ITEM 3.01 NOTICE OF DELISTING OR FAILURE TO SATISFY A CONTINUED LISTING RULE OR STANDARD; TRANSFER
OF LISTING
On October 11, 2005, the New York Stock Exchange (the NYSE) announced suspension of trading of
Delphis common stock (DPH), 6 1/2% Notes due May 1, 2009 (DPH 09), and its 7 1/8% debentures due
May 1, 2029 (DPH 29), as well as the 8.25% Cumulative Trust Preferred Securities of Delphi Trust I
(DPH PR A). This action followed the NYSEs announcement on October 10, 2005, that it was
reviewing the companys continued listing status in light of Delphis news announcements involving
the filing, by the company and 38 of its domestic subsidiaries, of voluntary petitions for business
reorganization under chapter 11 of the Bankruptcy Code in the United States Bankruptcy Court for
the Southern District of New York. The NYSE subsequently determined to suspend trading based on
the abnormally low trading price for the common stock, which closed at $0.33 on October 10, 2005.
At this time Delphi does not intend to take any action to appeal the NYSEs decision and therefore,
it is expected that the securities will be delisted after completion by the NYSE of application to
the Securities and Exchange Commission.
ITEM 5.02 DEPARTURE OF DIRECTORS OR PRINCIPAL OFFICERS; ELECTION OF DIRECTORS; APPOINTMENT OF
PRINCIPAL OFFICERS
On October 8, 2005, Delphis Board of Directors named Robert Dellinger (45), executive vice
president and chief financial officer, succeeding John D. Sheehan who served as acting chief
financial officer since March 2005. Mr. Dellinger was most recently executive vice president and
chief financial officer for Sprint Corp., and prior to that, with General Electric as president and
chief executive officer of GE Frankona Re based in Munich, Germany. He presently serves on the
board of directors of SIRVA, Inc., a NYSE-listed company.
Within 10 days of joining Delphi, Mr. Dellinger will be paid a signing bonus of $350,000. His
initial base salary will be $750,000 per annum, and he will be entitled to participate in Delphis
compensation and benefit plans, including its annual incentive and long-term incentive plans. The
amounts received as a sign-on bonus, up to $350,000, will be offset against the first bonus payment
awarded in 2006. Mr. Dellingers bonus target under Delphis annual incentive compensation plan
has been set at $700,000 for 2005 and 2006. Any amounts which become payable under such plan for
2005 will be prorated to reflect Mr. Dellingers actual period of service. Additionally, Mr.
Dellinger may be eligible for a target long-term bonus of $2,000,000 upon Delphis successful
emergence from bankruptcy. Mr. Dellinger will also be party to an employment agreement and change
in control agreement, having the same terms and conditions as Delphis other officers, forms of
which have previously been filed with the Securities and Exchange Commission.
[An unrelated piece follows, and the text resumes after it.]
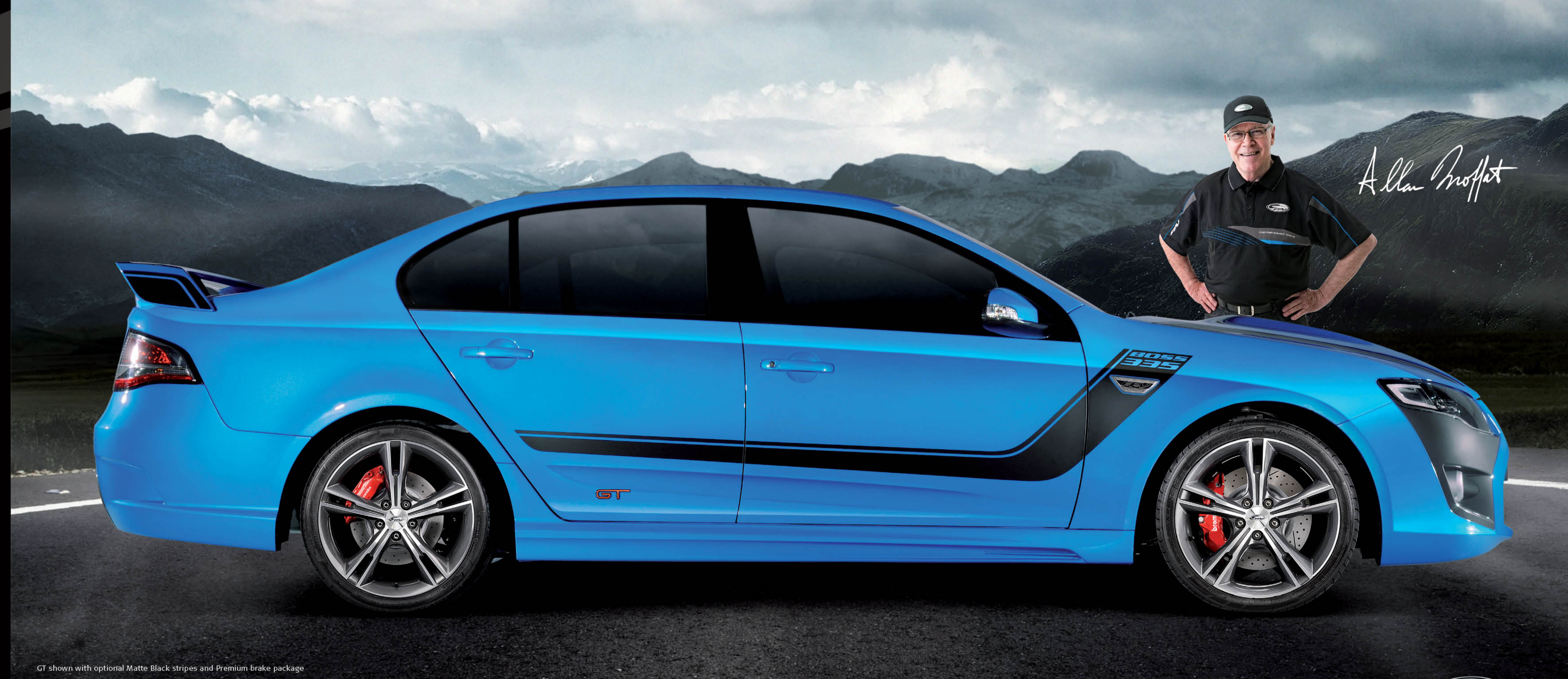
GT shown with optional Matte Black stripes and Premium brake package

Bathurst, Allan Moffat and the GT. Together they made Australian motor racing history. Back then nothing could touch Allan's GT. And today nothing can touch the new Boss 335 GT. The car that set the standard for Australian muscle cars has taken performance to a whole new level again. The hot new 5.0-litre, all-aluminium, supercharged Boss V8 pumps out a massive 335kW of power and a staggering 570Nm of torque. All of which makes this new GT the most powerful in history. And yet this new Boss 335 GT also happens to be the most economical in history. As Allan Moffat says: "This is the most outstanding vehicle ever to wear the iconic GT badge and in my opinion, the greatest Australian muscle car ever".

Also on October 8, 2005, John D. Sheehan was named vice president and chief restructuring officer.
Mr. Sheehan will retain his responsibilities as chief accounting officer and controller on an
interim basis, but Mr. Sheehans primary focus will be on leading Delphis restructuring
activities.
A copy of the press release regarding both appointments and the offer letter outlining Mr.
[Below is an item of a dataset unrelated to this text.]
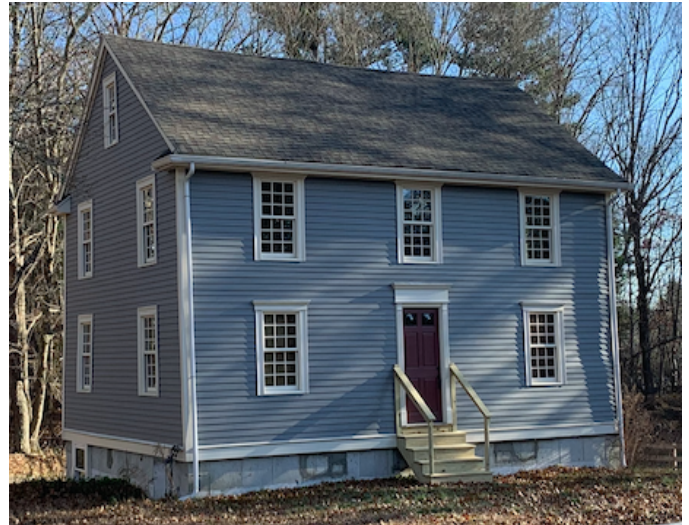
From this.....to this !

Dellingers salary and benefits are filed as Exhibit 99 (a) and Exhibit 99 (b), respectively, to
this report.
ITEM 5.03 AMENDMENTS TO ARTICLES OF INCORPORATION OR BYLAWS; CHANGE IN FISCAL YEAR
On October 8, 2005, the Board of Directors (the Board) of Delphi amended certain provisions of
the Bylaws, effective October 8, 2005. Article V of the Bylaws was revised to provide certain
additional persons mandatory indemnification on the same terms and conditions as directors and
officers of Delphi. Article V, as amended, extends mandatory indemnification to (i) executives and
managerial employees of Delphi; (ii) directors, officers, executives and managerial employees of
wholly-owned subsidiaries; and (iii) directors, officers, executives and managerial employees of
entities in which Delphi has less than a 100% ownership interest, who are also employees of Delphi
or wholly-owned subsidiaries of Delphi. Additionally, certain provisions of the Bylaws were
deleted. The deleted provisions related to the date on which General Motors Corporation and its
controlled companies ceased owning a majority of the equity interests in Delphi, which date has
occurred, making such provisions no longer applicable. A copy of the amended and restated Bylaws
of Delphi is filed herewith as Exhibit 99 (c) and is incorporated in this Item 5.03 by reference.
ITEM 8.01 OTHER EVENTS
On October 8, 2005, Delphi issued a press release announcing that it and certain of its
subsidiaries filed voluntary petitions for reorganization under the Bankruptcy Code (the First
Press Release). In the First Press Release, Delphi also announced that it has obtained a
commitment for up to $2 billion in senior secured debtor-in-possession financing, which is subject
to court approval. A copy of the First Press Release is attached hereto as Exhibit 99 (d).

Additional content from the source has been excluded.